- The Washington Times - Wednesday, December 5, 2007

The head of the Federal Communications Commission today defended his plan to ease limits on media ownership before Congress as House Democrats attacked his leadership of the agency

FCC Chairman Kevin J. Martin has recently come under fire from liberal groups, the cable industry and Democratic lawmakers who accuse the Republican of being secretive in scheduling votes and not allowing enough time for public comment on agency proposals

Mr. Martin and his four co-commissioners were summoned to appear today at an oversight hearing by the House Energy and Commerce subcommittee on telecommunications and the Internet

Rep. John D. Dingell, Michigan Democrat, said the federal media regulator “appears to be broken.”

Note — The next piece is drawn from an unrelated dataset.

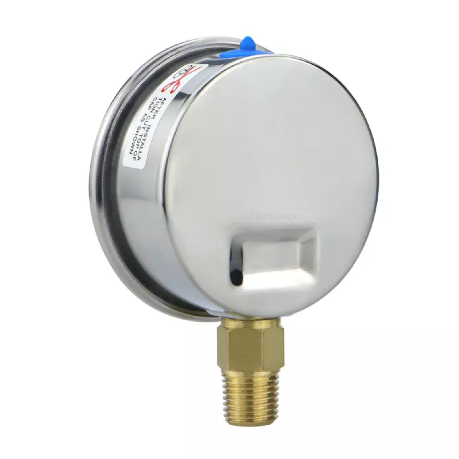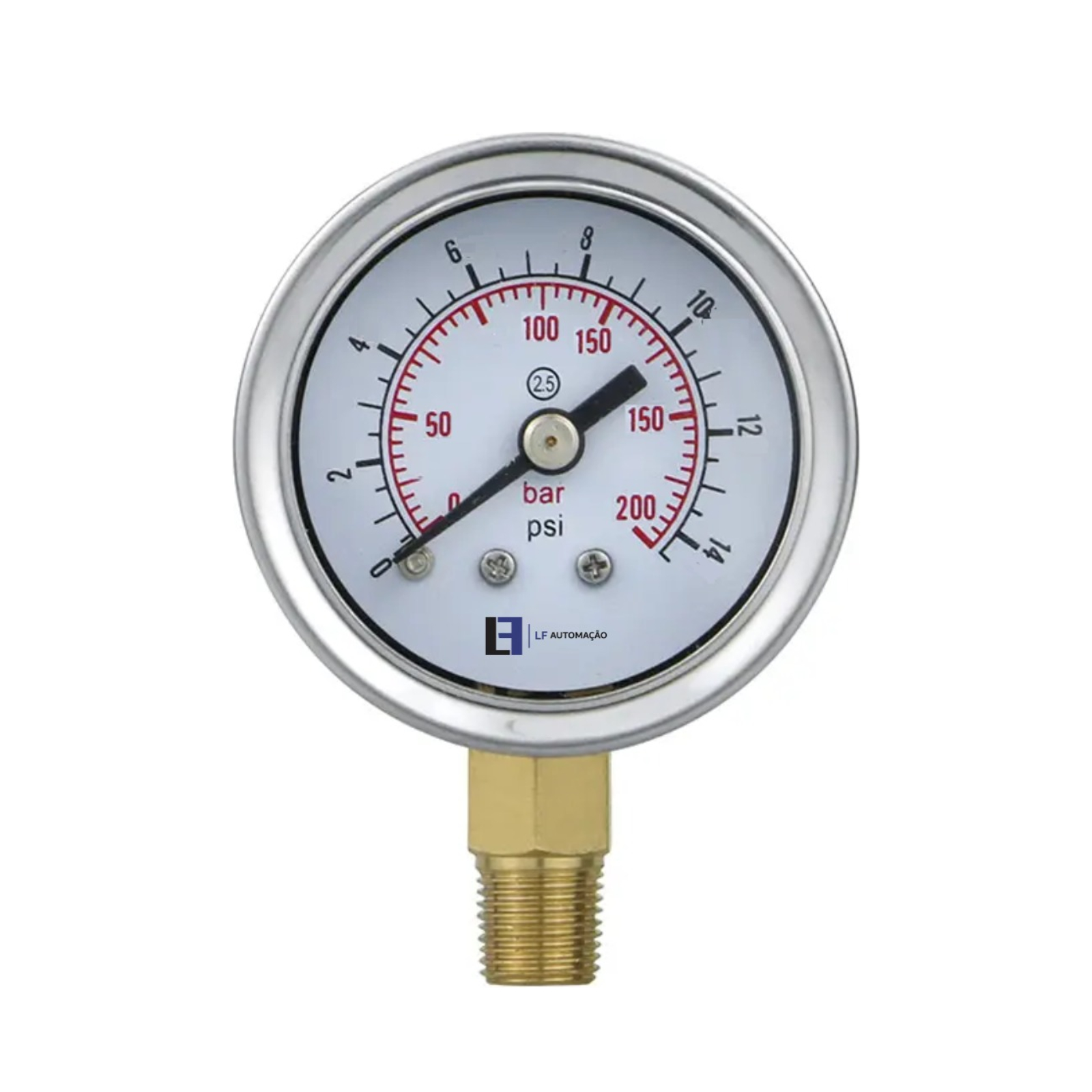 Manômetro Inox 2.1/2" (63MM) - Rosca 1/4" Macho NPT - Saída inferior (vertical) - 0-14 Bar / 0- 200 Psi - Com glicerina

“In recent months, we have heard about many FCC agenda meetings postponed all day while closed-door negotiations on important public matters are conducted,” Mr. Dingell said. “We have witnessed too much sniping among the five commissioners, and we have heard too many tales of a short-circuited decision-making process.”

Mr. Dingell and other Democrats on the committee said they were concerned that Mr. Martin is rushing a vote on his proposal to roll back a ban on ownership of newspapers and broadcast stations in the same market. Mr. Martin has scheduled a vote on his media ownership proposal for Dec. 18.

“Media ownership in general is obviously a very contentious issue,” said Mr. Martin, who said the commission has undertaken a “lengthy, spirited and careful reconsideration of our media ownership rules.”